Since the first cell of each node contains the address of the next node,
the step expression of the loop is 'Nil, which is equivalent to '('i) => 'i, that is,
replace the value of the current counter with the value at the address that it points to.
The loop condition is 'i /= 0, since the last node of the list always points to the 0 address.
The value of each node is always in the next memory cell after the node address itself.
That's why we use '('i + 1) to get the value in each iteration.
A subprogram (subroutine) declaration in the Address programming language consists of
a labelled line where all statements are of the form ∅ ⇒ <variable> or ∅ → <variable>,
followed by one or more lines that constitute the body of the subprogram.
The last line of the body must be a single return formula (ꓭ). For example:
f ... ∅ ⇒ a, ∅ → b
Печать 'a
Печать b
ꓭ
Here we declare a subprogram with the name f. It takes two parameters, a and b.
The first parameter is passed using the Send formula (⇒),
so the actual value can be accessed with 'a.
The second parameter is passed directly (→), so the value can be accessed with just b.
In ADPL this would be written as follows:
@f ... Nil => a, Nil -> b
print 'a
print b
Ret
In the original syntax, a subprogram call is written in the form of П <subprogram-name> { <args> }.
П stands for "Подпрограмма" ("subprogram"). Arguments are separated by comma.
For example, to call the subprogram declared above, we would write:
П f { 1, 2 }
In ADPL the letter П is replaced with Pg:
Pg f { 1, 2 }
This call would result in
1
2
printed to the terminal.
There is also a special way to call a subprogram not explicitly described in the original syntax. For example, if we wanted to save the address of a subprogram to a variable and later call it, we could write:
fv = &f
Pg [fv] { 1, 2 }
This allows us to pass a subprogram as a parameter to another subprogram.
In ADPL there is no direct equivalent for the return statement in the C-like languages.
Instead, one or more "output" parameters are passed to the subprogram,
which are used as addresses to store the results. For example:
Pg double { 2, res }
print 'res
!
@double ... Nil -> value, Nil -> result
value * 2 => result
Ret
This program should print 4.
The "Replace" formula is used in Address Programming Language for metaprogramming.
It is somewhat similar to macros in C/C++.
The basic form in the original syntax is З { a1 → c1, an → cn } α, β.
Here the labels α, β represent the scope of the formula.
That is, the formula is applied to the lines that are between the line marked with the label α (inclusive)
and the line marked with the labelβ (exclusive).
The expression a1 → c1, an → cn is a list of replacement rules.
A single replacement rule a → c consists of a pattern to match (a)

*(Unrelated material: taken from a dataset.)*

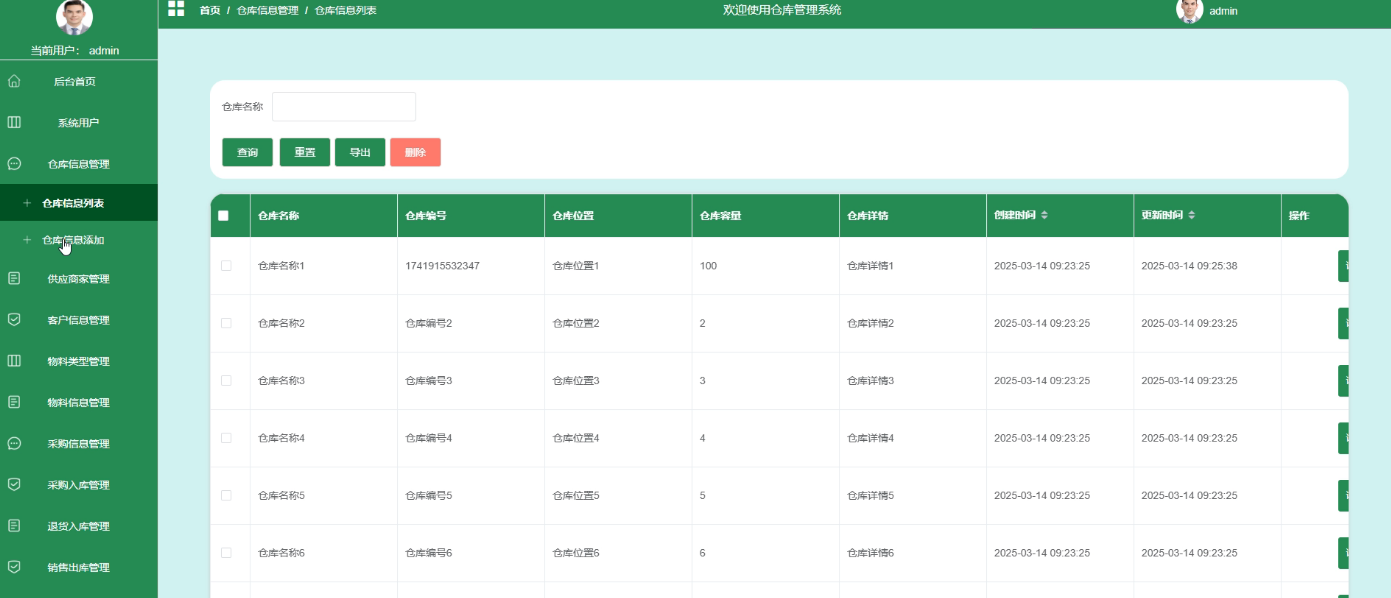 - 仓库信息管理:在仓库信息管理模块,管理员可以进行仓库的添加、删除和查询操作。每个仓库的详细信息也可以查看,包括仓库的位置、容量等关键信息。

and a replacement for that pattern (c).
Here's an example in the original syntax:
n = 10
З { - → +, n → 100 } α, β
!
α ...
Печать 10 - 1
Печать 10 - 2
Печать 10 - 3
Печать n
β ...
Without the replacement, this would print
9
8
7
10
With the replacement, it prints the following instead:
11
12
13
100
In ADPL the letter З is replaced with the keyword R.
Also, replacement rules are separated with ; instead of ,.
Thus, the above example would be written as:
n = 10
R { - -> +; n -> 100 } alpha, beta
!
@alpha ...
print 10 - 1
print 10 - 2
print 10 - 3
print n
@beta ...
In the ADPL implementation it is also possible to replace entire statements.